Phil reported adapting his methods of coaching by applying the experience and knowledge gained from his professional practice as a teacher into his coaching practice. His approach with one student required more “telling” his perception was that the student “still thought it was like school”, “could not generate ideas” for herself and expected to be told what to do. He recalled “as a coach you are not really supposed to do this” but considered the suggestions given generated ideas and a way forward for the student.

My approach as a coach in some sessions was a dialogic one, similar to that of Carolina. Although non-traditional students were not always clear about the topic of conversation or goal, they were considered equal partners. Questioning, listening and pausing was used to allow for moments of reflection. In some instances, after the session, I contributed to the conversation by sharing my ideas and knowledge having worked within the University, such as University Procedures and the support services available to students. The account from a diary excerpt captured that a “one size” approach “does not fit all”; different points of the session required “less talking and more listening to gain insight into the unspoken, or more probing to gain clarity”.

3. The ambiguity of identifying and facilitating confidence through coaching

Most coaches considered confidence to be an area that non-traditional students required support with during coaching even though the students did not explicitly identify themselves as having issues with their confidence. What varied was how explicit or implicit it was for coaches to identify confidence and the methods used to assist non-traditional students with their perceived levels of self-confidence.

Coaches commonly considered students to be less confident based on their outward appearance such as body language, communication, expression, tone, their overall demeanour towards their studies and the relationships students had with their tutors, peers and family.

Melanie initially considered her student’s eloquent speech to signify a high level of self-confidence. Whilst Melanie was “not sure” that the student said they were “lacking confidence”, Melanie perceived her student to be more confident in her practical work and less confident with her written work following the disclosure of dyslexia during their coaching conversation.

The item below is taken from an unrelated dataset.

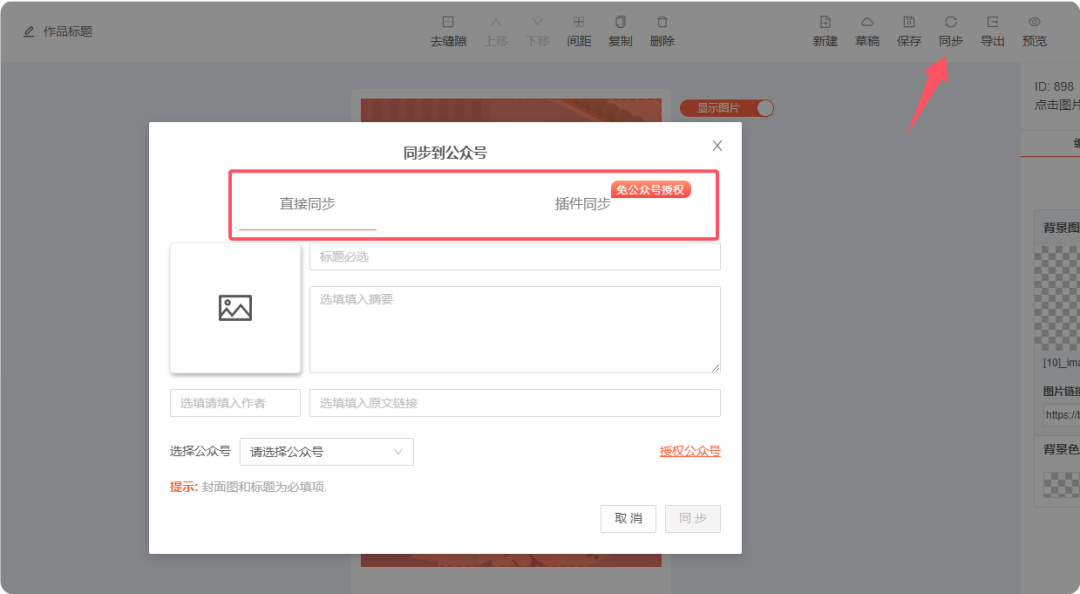 如果我們是在SVG編輯器里完成了一篇完整的文章,可以直接通過「同步」將內(nèi)容同步到微信公眾號后臺,當(dāng)然這個的前提是你需要向135編輯器授權(quán)你的賬號信息。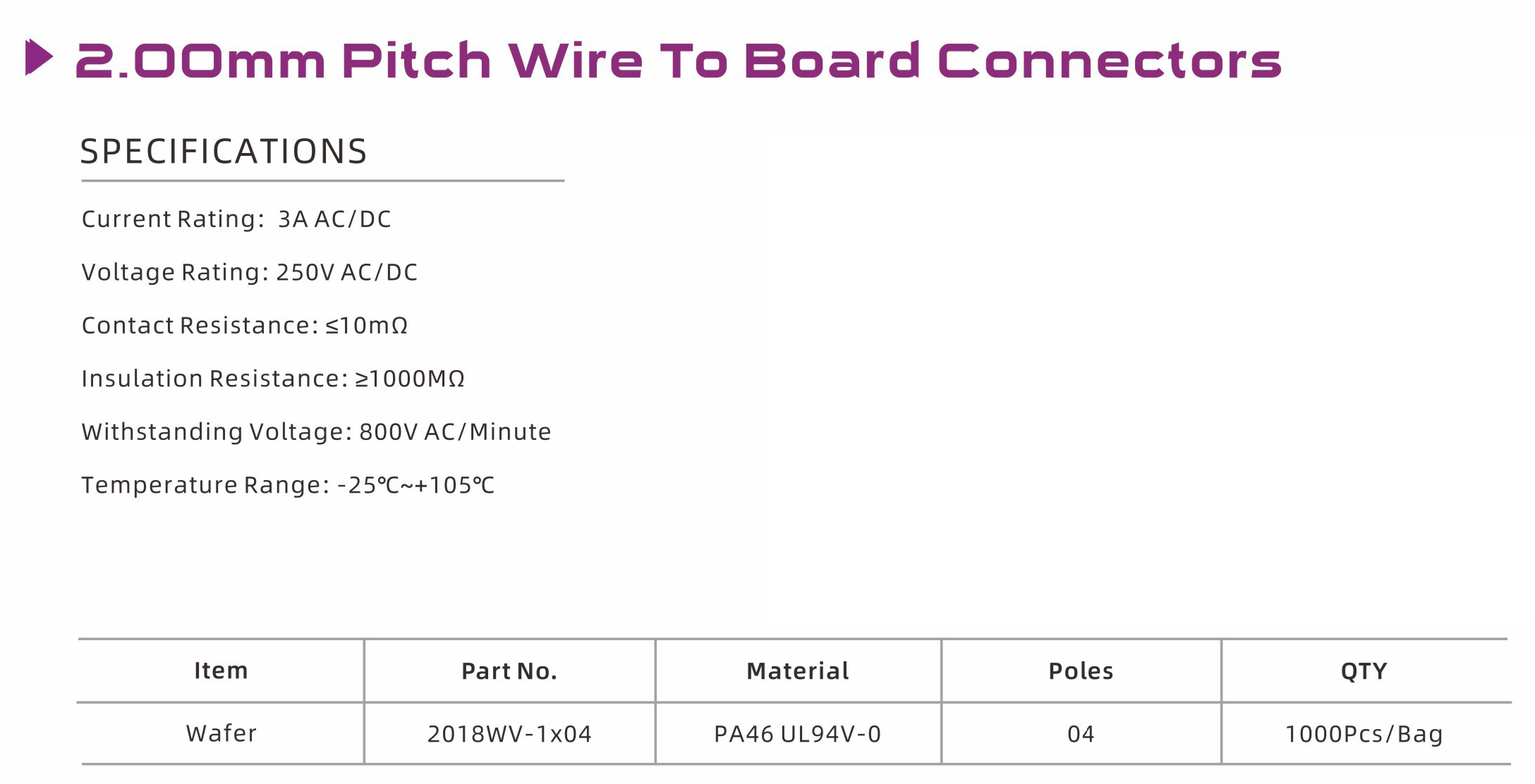 2018 Series 2.00mm Pitch (.079") 線對板連接器

Phil considered both his students to lack confidence based on his perceptions of their ability to articulate themselves during coaching and their ability to familiarise themselves with their environment and interact with their tutor and peers. He reported that many students did not arrive at university with a lack of confidence in their ability, but that students were “scared” of being seen as “ill equipped or stupid” and were “intimidated by everyone else”.

Most coaches appeared to be able to identify the role that confidence played in their student’s wider disposition in terms of their transition from one education setting to another, and their ability to adapt to an unfamiliar learning environment.

Carolina considered the university environment and the relationship her student had with her peers and tutors to impact their student’s confidence. She perceived the transition from Further Education, “an environment of being told what to do” to Higher Education, “an environment of independent learning” a challenge. Caroline described different facets that she thought came into the equation when identifying her student’s self-confidence such as “fitting in to this strange environment” and “confidence to communicate their needs”.

Phil recalled his first experience as an art college student as “intimidating” he considered others to be more “flamboyant and knowledgeable” than himself. Carolina compared her confidence as a prior undergraduate student to the students whom she coached and considered herself confident in her ability to ask tutors for support when she felt it was required to do so. She perceived students who did not ask for support from their tutors or peers to lack confidence.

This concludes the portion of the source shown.